Computer Science 501

Data Structures and Algorithm Analysis

Fall 2015, The College of Saint Rose

This lab, your last, covers our remaining topics and is not due for 3 weeks. It includes tasks related to trees, graphs, and hashing. There is a lot to do here, so please be sure to spread out your work on it over the entire 3 weeks.

No late submissions will be accepted for the lecture and lab questions, as we will go over solutions to all of these problems and programs during class on the due date. However, the programming assignment will be accepted without penalty through 6:00 PM, Monday, December 14, 2015.

You may work alone or in groups of 2 or 3 on this lab. Only one submission per group is needed.

Getting Set Up

To get your BlueJ environment set up for this week's lab assignment, start BlueJ and choose "New Project" from the "Project" menu. Navigate to your folder for this course and choose the name "Lab11" (no spaces) for the project.

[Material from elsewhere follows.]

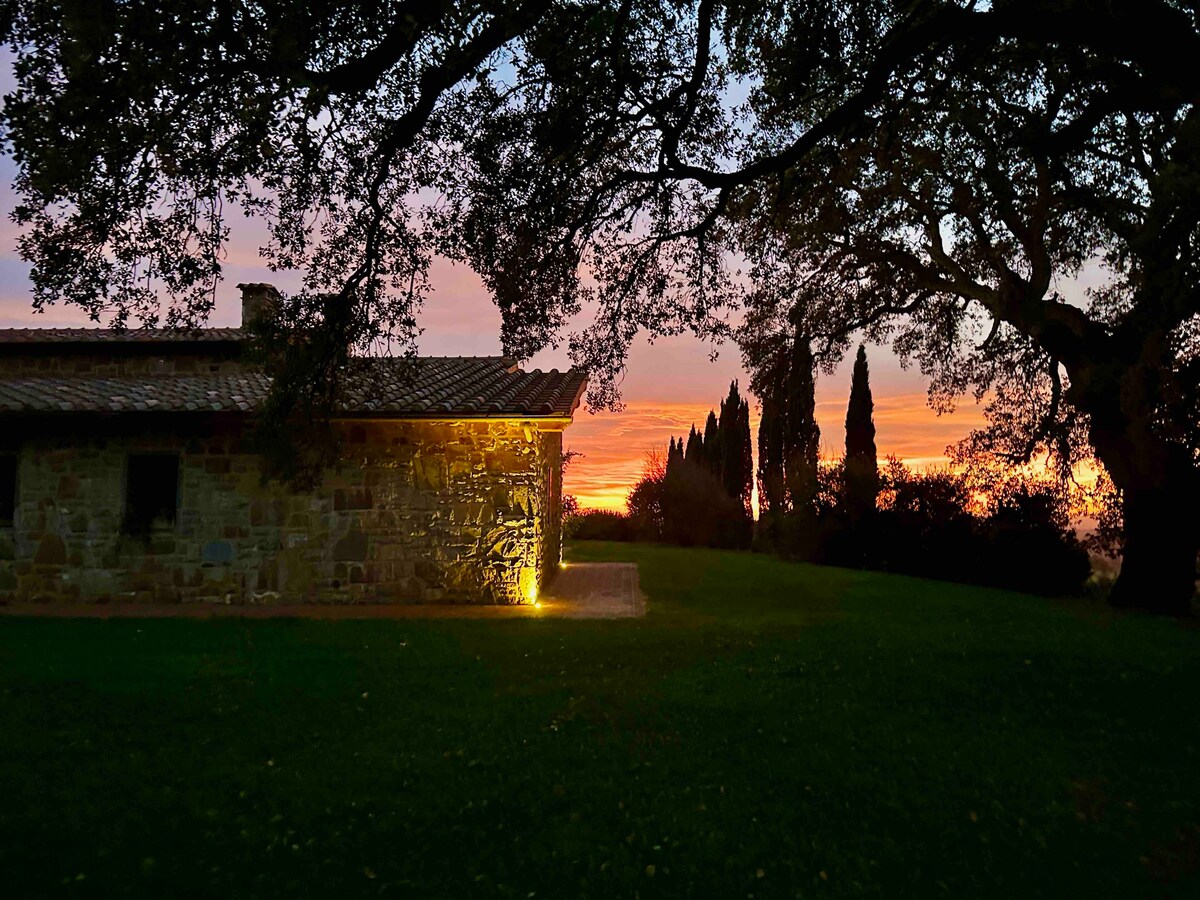 This beautiful sheepherder’s stone cottage is equipped with modern comforts and spa facilities free of charge. The large grounds of forest and meadow span a ridge and provide panoramic views of the valley toward Val d’Orcia to the north, the expansive Maremema to the south, and the ancient volcano of Amiata to the west. This is the perfect getaway for those wanting a private retreat from which to explore the rich wine, food, culture, history, and landscape of southern Tuscany.

Create a document where you will record
your answers to the lecture assignment and lab questions. If you
use plain text, call it "`lab11.txt`". If it's a Word
document, you can call it whatever you'd like, but when you submit,
be sure you convert it to a PDF document "`lab11.pdf`"
before you submit it.

Lecture Assignment Questions

We will usually discuss these questions at the start of class on the lab due date, so no credit can be earned for late submissions of lecture assignment questions.

Problem Set Question: Dijkstra's Algorithm Practice

The data structures and the implementation of Dijkstra's algorithm are
similar to those you will be using for the programming assignment
below. Vertex labels are of type `City` and edge labels are of
type `TravelLink`. You may assume that `TravelLink` provides
methods to retrieve road names, distances, and driving times, but
those details will not be important. The priority queue will contain
objects of type
`ComparableAssociation<Integer,Edge<City,TravelLink>>`, where the
keys are the distances or driving times, as appropriate. The
algorithm will populate a `Map` of shortest/fastest routes. The
`Map`'s keys will be of type `City` and the values will be
`ComparableAssociation<Integer,Edge<City,TravelLink>>` objects,
from which we can get the total distance/time to the `City` from
the starting `City`.

For each case, you are to fill in the given table, representing the
`Map`, in the order in which the algorithm fills in entries, and
show the values in the priority queue. Do not erase values as they
are removed from the priority queue, just cross them out and write a
number next to them to indicate the order in which they are removed
from the queue. The map and priority queue should indicate their
contents at the time the city "Phoenix" is added to the map.

Fill in
the table on the PDF version of this document,
which is a `Map` that has `City` objects as
keys and `ComparableAssociation`s of the shortest
distance from Dover to the last edge traversed on that shortest route
as values.

It is easiest to specify edges by the labels of their endpoints rather than the edge label itself, which might not be unique.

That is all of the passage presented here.